Solution: Maximum Tension in Sliding Rope

Maximum Tension Calculation

Uniform Rope Sliding on a Hemisphere

Figure 1: Free body diagram of the rope segment.

1. System Variables

Consider a uniform rope of mass $M$ and length $L$. The linear mass density is $\lambda = M/L$. The rope subtends a total angle $\phi_0 = L/R$ at the center. We measure the angle $\theta$ from the vertical axis.

2. Calculating Acceleration ($a_t$)

Since the rope is inextensible, every point moves with the same tangential acceleration $a_t$. The net driving force is the sum of the tangential components of gravity acting on all elements $dm$.

The force on a small element at angle $\alpha$ is $dF = (dm)g \sin\alpha = (\lambda R d\alpha) g \sin\alpha$.

$$ F_{net} = \int_{0}^{\phi_0} \lambda R g \sin\alpha \, d\alpha = \lambda R g [-\cos\alpha]_0^{\phi_0} = \lambda R g (1 – \cos\phi_0) $$

Applying Newton’s Second Law ($F_{net} = M a_t$):

$$ a_t = \frac{\lambda R g (1 – \cos\phi_0)}{\lambda L} = \frac{Rg}{L}(1 – \cos\phi_0) $$

3. Finding Tension $T(\theta)$

Consider the lower segment of the rope, extending from angle $\theta$ to the end $\phi_0$. This segment has mass $m’ = \lambda R (\phi_0 – \theta)$.

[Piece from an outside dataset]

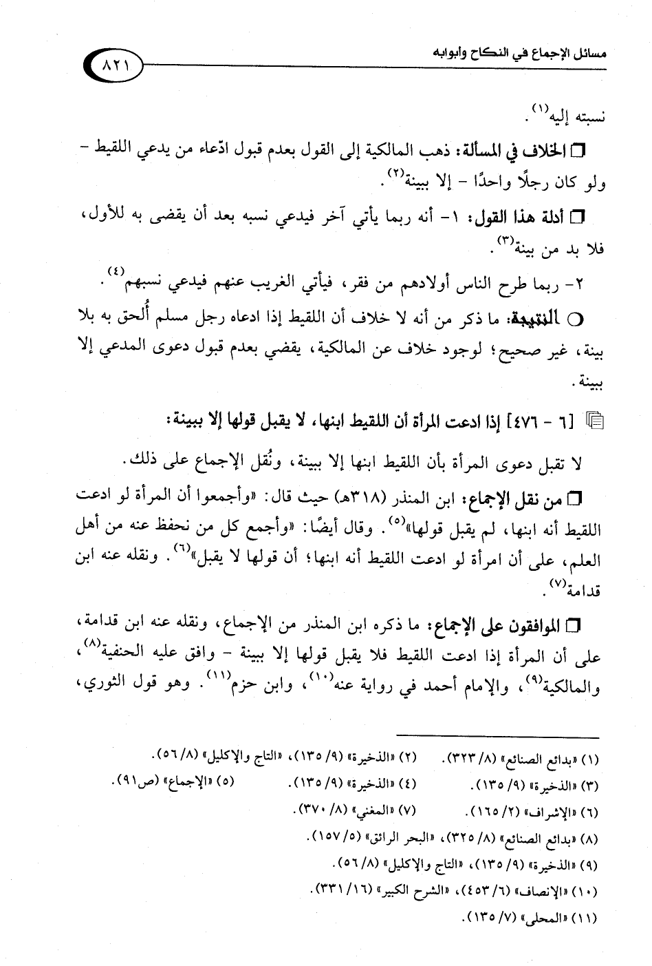• من نقل الإجماع: ابن المنذر (318 هـ) حيث قال: "وأجمعوا أن المرأة لو ادعت اللقيط أنه ابنها, لم يقبل قولها" (¬5). وقال أَيضًا: "وأجمع كل من نحفظ عنه من أهل العلم، على أن امرأة لو ادعت اللقيط أنه ابنها؛ أن قولها لا يقبل" (¬6). ونقله عنه ابن قدامة (¬7).

The forces acting along the tangent are:

Gravity ($F_{seg}$): Pulls the segment down the slope.
Tension ($T$): Pulls the segment up the slope (as shown in the diagram).

The equation of motion is $F_{seg} – T = m’ a_t$. Calculating the gravitational pull on this segment:

$$ F_{seg} = \int_{\theta}^{\phi_0} \lambda R g \sin\alpha \, d\alpha = \lambda R g (\cos\theta – \cos\phi_0) $$

Solving for Tension:

$$ T(\theta) = \underbrace{\lambda R g (\cos\theta – \cos\phi_0)}_{\text{Gravity Pull}} – \underbrace{\lambda R (\phi_0 – \theta) a_t}_{\text{Inertial Term}} $$

4. Maximizing Tension

To find the maximum tension, we differentiate $T$ with respect to $\theta$ and set it to zero: $\frac{dT}{d\theta} = 0$.

$$ \frac{dT}{d\theta} = \lambda R g (-\sin\theta) – \lambda R a_t (-1) = 0 $$ $$ -\lambda R g \sin\theta + \lambda R a_t = 0 \implies g \sin\theta = a_t $$

Physically, this means tension is maximum at the point where the local component of gravity equals the overall acceleration of the rope.

Final Result

Substituting the value of $a_t$ derived in Step 2:

$$ g \sin\theta = \frac{Rg}{L}(1 – \cos\phi_0) $$

Using $\phi_0 = L/R$, we get:

$$ \theta = \sin^{-1} \left[ \frac{R}{L} \left( 1 – \cos \frac{L}{R} \right) \right] $$